Release to Build: Why I’m Choosing Execution Over Perfection in My Leadership (Part 1)
- Dave Miller
- Jun 26
- 2 min read
by Dave Miller

There’s a quiet tension I’ve had to confront in my leadership journey—not between right and wrong, but between sharing what I’m learning and waiting until it feels finished.
I’ve always valued excellence. Especially when it comes to how I communicate, how I train, and how I equip others. But that same value has sometimes become a roadblock. I don’t release an idea because I haven’t “framed it perfectly” yet. I hold back from mentoring others with the tools I’ve refined because I’m still tweaking the language or clarifying the model.
But I’ve realized something important: leadership isn’t about showing off finished thoughts. It’s about creating space for collaborative growth—even when your contribution feels incomplete.
Why I’m Learning to Go First
Recently, I’ve been leaning into a new habit: letting others into my thinking while I’m still thinking. That means releasing ideas, sharing frameworks, training in real time—not because they’re finished, but because they’re formational.

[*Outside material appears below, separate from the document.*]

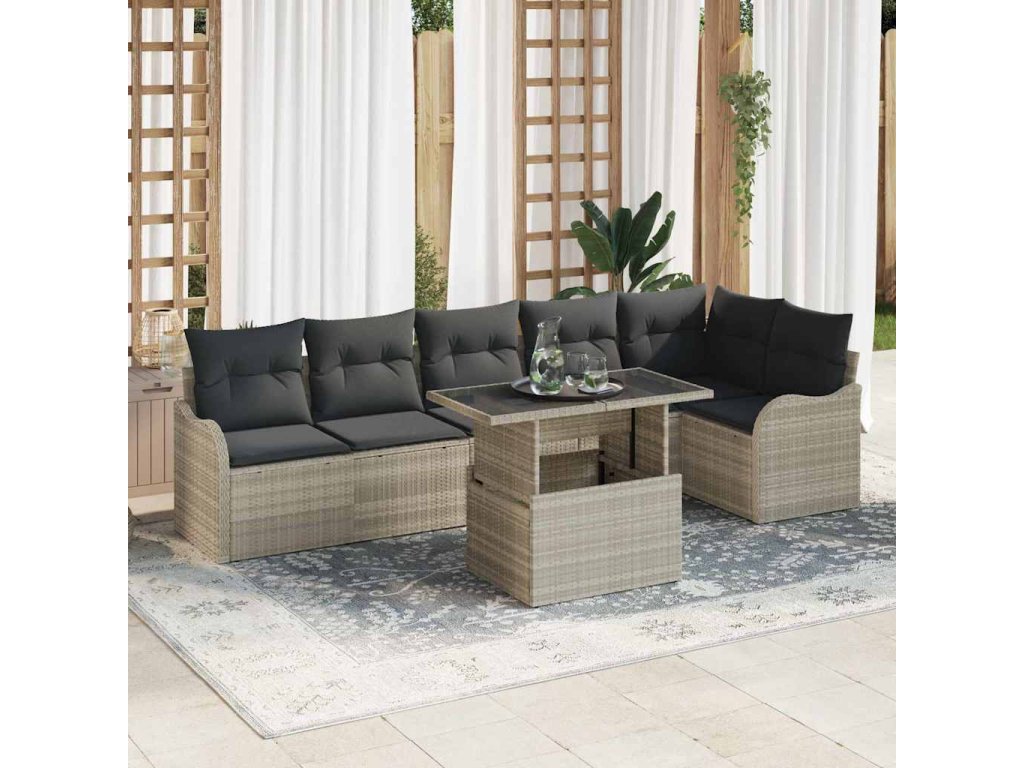 Sada pohoviek s vankúšom 7 pcs Svetlosivá Poly ratan 3348478

And here’s the paradox: the more I’ve shared imperfectly, the more others have grown—and so have I.
It’s not easy. When you put something out into the open, especially something unpolished, you risk being misunderstood. People may assume that because you shared it confidently, you must think you’re right—which makes them feel wrong. That’s not my intent. But it’s a tension I’ve had to accept.
Excellence Is a Community Project
What I’m learning is this: iteration and excellence are not individual achievements—they are community projects.

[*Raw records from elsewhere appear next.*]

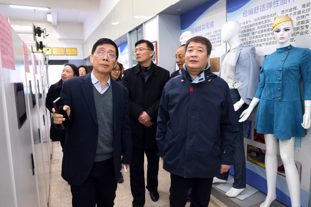 麻建国一行先后参观了学校纺织科学与工程学院针织中心、食品学科史馆、未来食品中心,听取了陈坚院士等相关负责人关于科学研究、校企合作和人才培养等方面的介绍。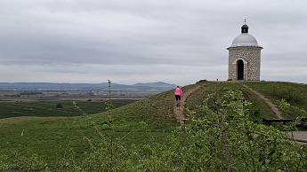 Na poslední burčákový půlden, čtvrtek 18.9. vyšla severní trasa, průjezd Moravským Toskánskem. Začali jsme rozhlížecí zastávkou - kapličkou na Hradišťku, pak jsem zdržoval focením plání a polí a vinohrady. Ostatní na mne počkali v Vrbicích, kde se Míša ztratila, protože důsledně plnila mé zadání - vyfotit komínky ze sklípků, to se mi totiž zatím nikdy uspokojivě nepodařilo. Míša komponovala fotku a my jí ujeli. Sešli jsme se ale na Kobylím vrchu, ze kterého jsme zkratkou, za sucha možnou jeli na Čejkovice. Tam jsem píchnul, blbě zadní kolo a pak předal vedení Pepovi, který na základě pobytů od firmy SWS Slušovice je místním znalcem. Slepě jsme tomu všichni věřili, včetně jeho a tak jsme si mohli vyzkoušet jízdu napříč zoraným polem. Oběd v Čejkovicích v restauraci Kuželna nás potěšil rozumnými cenami a zklamal proškrtaným jídelním lístkem. Za hlasitou sekačku jezdící trávníkem kolem nemohli. Letošní Burčák tour byl málo početný a vyznačoval se svižnou jízdou a dostatečnou burčákovitostí. |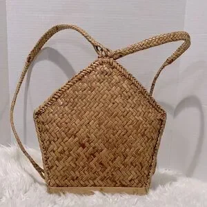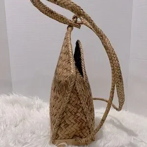Elevate your style with this chic woven backpack. Its versatile tan color complements any outfit, making it a unique accessory.

I don’t share what I’ve learned so I can win admiration or prove myself. I share it because I need the community. I share it because growth requires friction, feedback, and the humility to learn out loud.
If I’m trying to build a culture of collaborative leadership, I can’t wait until everything is perfect. That mindset creates spectators, not participants.
So I’m choosing to execute sooner. Not carelessly. Not sloppily. But courageously—with clarity, humility, and open hands.
An Invitation to Fellow Builders
If you’re a leader, a thinker, a trainer—someone others look to for answers—you might feel the pressure to get it all right before releasing anything. But if you wait for the perfect phrase, the ideal curriculum, the undisputed model… you’ll end up building in isolation.
Instead, I want to invite you into a different rhythm: Build in public. Learn in community. Lead with transparency.
Even if you’re misunderstood. Even if it costs you credit. Because the goal isn’t to be admired—it’s to be fruitful. And fruitfulness multiplies in the soil of shared growth.